Sarah Harmotta

Sarah Harmotta

Vintondale, Pennsylvania

Diabetes has always been on the backburner in my family. From the time I was really little I always heard the word and things associated with it. As long as I can remember my mom has had type 2. I never really thought it was a serious disease because my mom never really made that big of a deal about it. Sure, she always drank diet soda and somewhat avoided sugar and sweets. But she never seemed to worry about her condition or eat anything that different from anyone else. This caused me to believe that her condition wasn't all that serious.

Then as I got a little older I saw some problems with my dad. He had pancreatitis and struggled with attacks on a regular basis. He eventually developed type 2 diabetes. He wasn't one to really care about what he ate and how it affected his body. So, I continued to believe that this really wasn't a very serious condition.

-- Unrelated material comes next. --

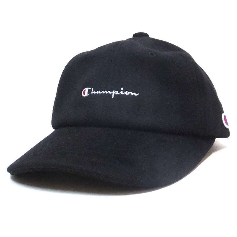 Champion Low Cap, Strapback, Wool Felt, Script Logo, Black

Then, when I was 8 years old, my dad passed away from complications of his pancreatitis and a few other issues. I am 16 now, and I wish that I had known more at the time about this disease, or that someone would have informed my parents more thoroughly on how serious this disease is.

My mom still has type 2 diabetes and still doesn't do very much to watch her diet. But over the last few years I have realized how serious these things can get. My dad's death and my mom's current condition have inspired me to become a dietitian specializing in diabetes. I would like to make sure that every person that is diagnosed with this disease has all the information and support they could ever hope for in order to prevent the horrible complications that can result from diabetes.